▸ What is required: Of the lines in the data below, write out exactly those from the one holding "点击ArcToolbox中的【空间分析】-【距离分析】-【成本距离】。" through the one holding "part of groomers.", both included.
(Entries provided begins)
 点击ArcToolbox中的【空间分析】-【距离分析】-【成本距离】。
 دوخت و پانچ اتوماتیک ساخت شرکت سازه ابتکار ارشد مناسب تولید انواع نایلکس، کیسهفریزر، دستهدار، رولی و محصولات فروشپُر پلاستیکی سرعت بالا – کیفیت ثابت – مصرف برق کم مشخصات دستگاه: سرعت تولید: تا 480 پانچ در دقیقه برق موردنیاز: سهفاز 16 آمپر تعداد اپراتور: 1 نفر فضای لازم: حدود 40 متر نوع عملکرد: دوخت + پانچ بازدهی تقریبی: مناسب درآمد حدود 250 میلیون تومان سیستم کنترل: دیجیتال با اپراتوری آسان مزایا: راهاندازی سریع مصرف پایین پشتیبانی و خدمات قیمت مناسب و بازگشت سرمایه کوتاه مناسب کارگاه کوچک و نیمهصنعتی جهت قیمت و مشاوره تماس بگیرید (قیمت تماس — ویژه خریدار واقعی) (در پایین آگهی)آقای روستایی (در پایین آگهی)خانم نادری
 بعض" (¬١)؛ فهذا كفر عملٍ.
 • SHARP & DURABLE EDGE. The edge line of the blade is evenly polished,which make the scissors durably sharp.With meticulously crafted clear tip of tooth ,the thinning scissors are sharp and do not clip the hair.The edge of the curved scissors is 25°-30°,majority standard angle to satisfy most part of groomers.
(Entries provided ends)
(Entries provided begins)
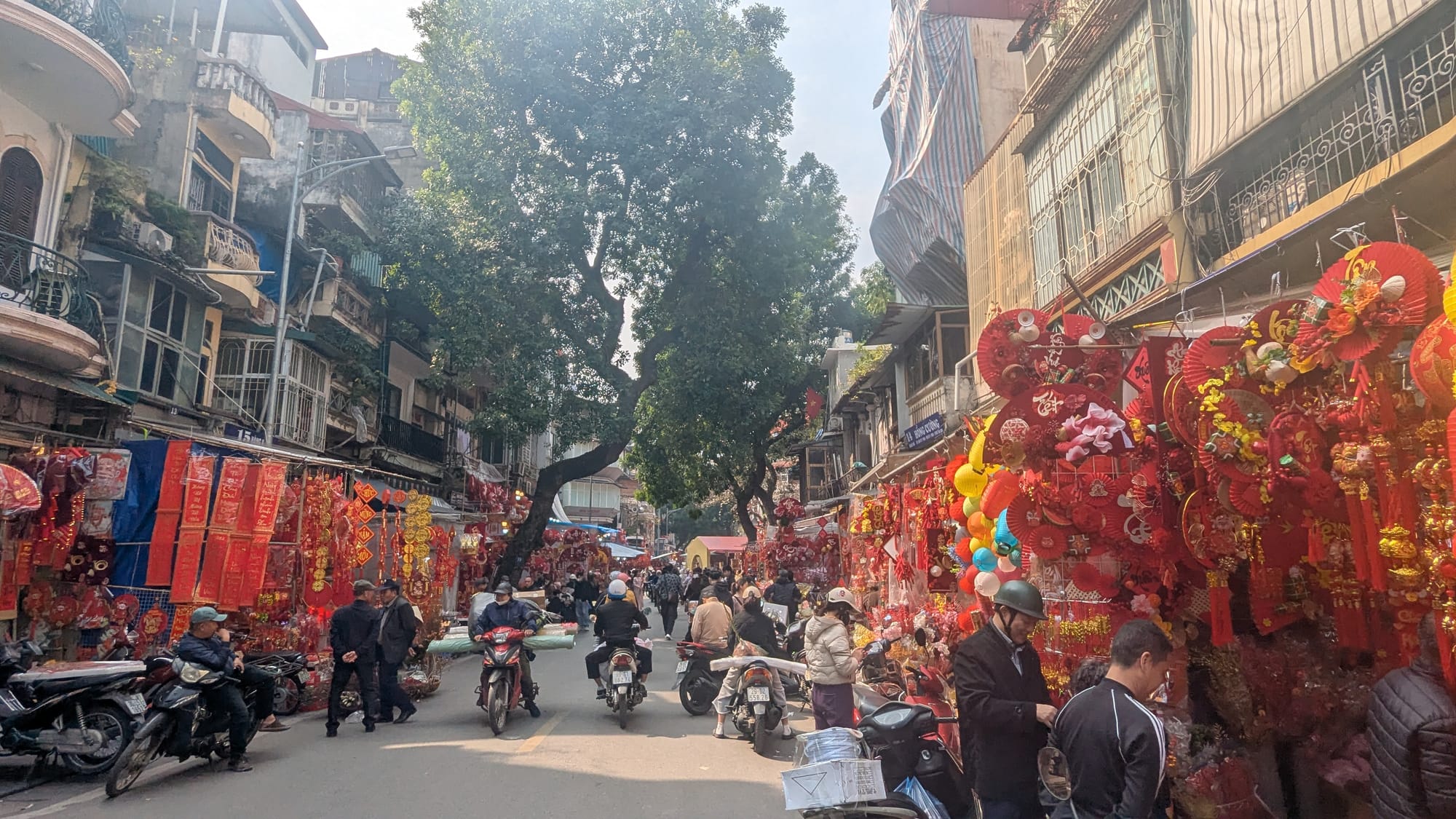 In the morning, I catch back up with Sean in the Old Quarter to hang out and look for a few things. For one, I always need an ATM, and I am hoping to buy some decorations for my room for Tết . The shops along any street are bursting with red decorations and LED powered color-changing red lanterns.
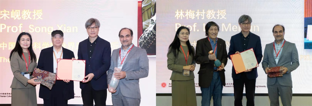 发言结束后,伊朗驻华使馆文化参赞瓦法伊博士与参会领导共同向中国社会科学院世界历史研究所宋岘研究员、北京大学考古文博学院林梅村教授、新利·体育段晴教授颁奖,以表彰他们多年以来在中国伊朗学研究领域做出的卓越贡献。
(Entries provided ends)
▸ Answer for this exercise:
 点击ArcToolbox中的【空间分析】-【距离分析】-【成本距离】。
 دوخت و پانچ اتوماتیک ساخت شرکت سازه ابتکار ارشد مناسب تولید انواع نایلکس، کیسهفریزر، دستهدار، رولی و محصولات فروشپُر پلاستیکی سرعت بالا – کیفیت ثابت – مصرف برق کم مشخصات دستگاه: سرعت تولید: تا 480 پانچ در دقیقه برق موردنیاز: سهفاز 16 آمپر تعداد اپراتور: 1 نفر فضای لازم: حدود 40 متر نوع عملکرد: دوخت + پانچ بازدهی تقریبی: مناسب درآمد حدود 250 میلیون تومان سیستم کنترل: دیجیتال با اپراتوری آسان مزایا: راهاندازی سریع مصرف پایین پشتیبانی و خدمات قیمت مناسب و بازگشت سرمایه کوتاه مناسب کارگاه کوچک و نیمهصنعتی جهت قیمت و مشاوره تماس بگیرید (قیمت تماس — ویژه خریدار واقعی) (در پایین آگهی)آقای روستایی (در پایین آگهی)خانم نادری
 بعض" (¬١)؛ فهذا كفر عملٍ.
 • SHARP & DURABLE EDGE. The edge line of the blade is evenly polished,which make the scissors durably sharp.With meticulously crafted clear tip of tooth ,the thinning scissors are sharp and do not clip the hair.The edge of the curved scissors is 25°-30°,majority standard angle to satisfy most part of groomers.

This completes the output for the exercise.